There is one picture that more than any other has become emblematic of Anne’s Vanishing World Series, and it’s the picture of Sudan, the last male northern white rhino who had died few weeks before our meeting. He was alive only because he was in a zoo in north Europe, and when they realized that he was the last one they brought him back to Africa hoping that he would be able to reproduce. Anne met him when the animal was 42 years old already. She describes it as an incredible experience.
“You know, rhinos are probably the closest thing to a pre-historical animal, and they survived for millions and millions of years and so being so close to this very kind, very solitary incredible creature was a great honor. (…) That’s what touched me so much…you know, the end of a species, the end of an era, the end of millions of years of evolution and to be so close to that and be able to represent it and immortalize it was an incredible experience. (…) It was also very sad because it’s like a door, an energy door that closes on millions of years of evolution, and so it’s lost. It’s a loss for humanity, definitely.”
Another sad moment she recalls is during her latest expedition to the Peruvian Amazon where she says: “I really saw a level of deforestation that I heard about, but it’s one thing to hear about these things and another one to see them and witness the degradation and the powerlessness of the tribes down there. The rangers that I collaborate with were extremely saddening and not very optimistic.”

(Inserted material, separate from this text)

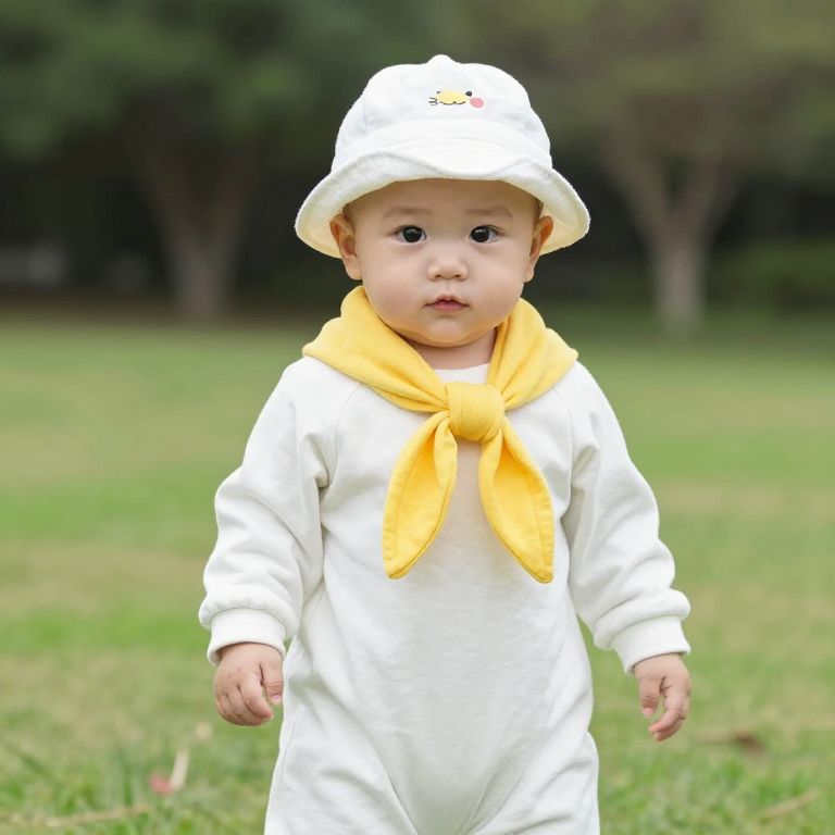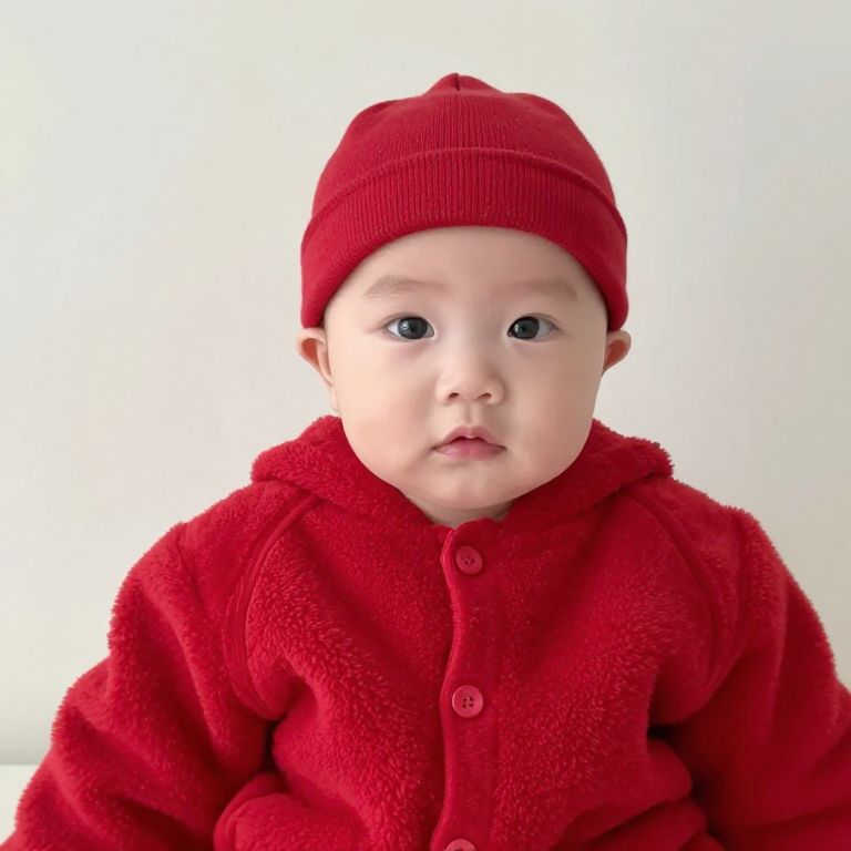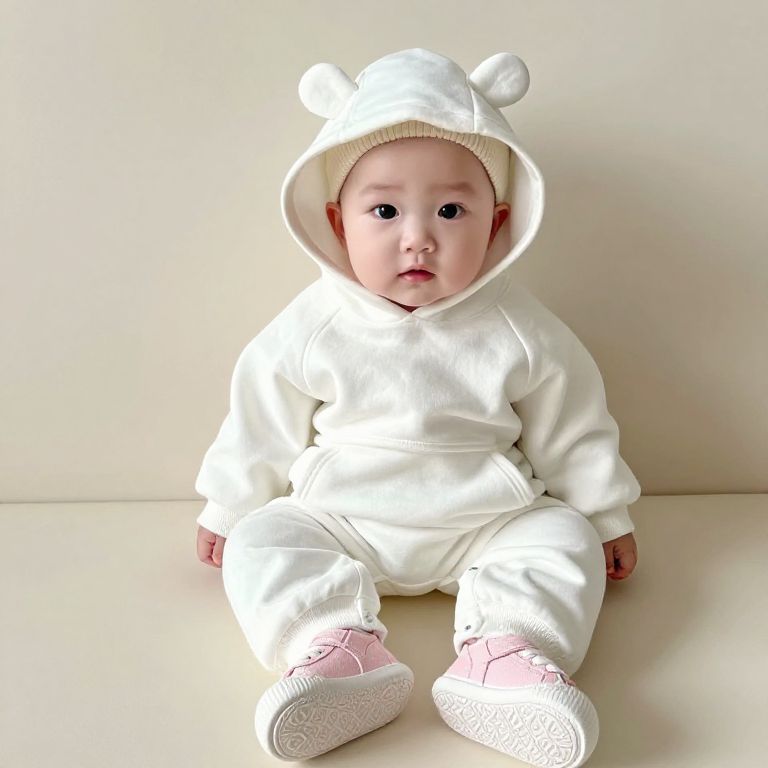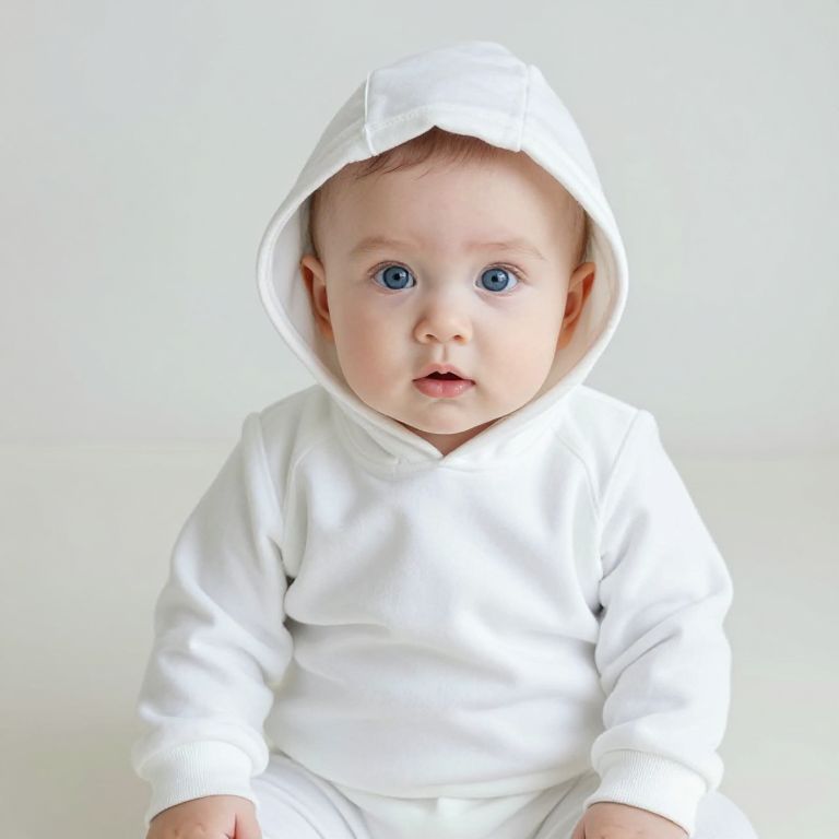 A baby is wearing a blue outfit with a hood and a hoodie. The baby is sitting on a blue truck with black tires.

Then Anne goes deep into how she builds her time shrines and how much the contact with nature is important in her work: “what I do is both a pilgrimage and an expedition to these locations because it’s a learning curve. By the time I get to the location where I create my installation, I’ve tried to observe and learn a lot of what is around me to be able to then, in a condensed and creative way, represent it in my installation. I don’t think that the installation would have the same sense of purpose if I have not been through that process first.”
To close our meeting, I asked Anne about how she sees the future and if space explorations to Mars are offering an alternative future for humanity.
“I don’t think there is a planet B; this is our water planet, it’s our Blue planet, it’s where we live and thrive, it’s where we become humans, and that’s where we belong. Yes, of course, we are sending up cars in space and to Mars, yet we are eating our own plastic because it finishes in the stomach of fishes, and we are not able to recycle it. So, a contradiction of the era and something I talk about in my work a lot is how it’s possible that technology has evolved so fast and so well and so incredibly, but yet we are not able to use that same technology to be able to help our planet and contribute to its protection and making it the place where we should live forever. (…) I believe that we are not only an invasive species; I also think that we are a race of dreamers and that’s what I want to thrive for — to continue having faith in our species and make sure that going forward we become better dreamers and less invasive.”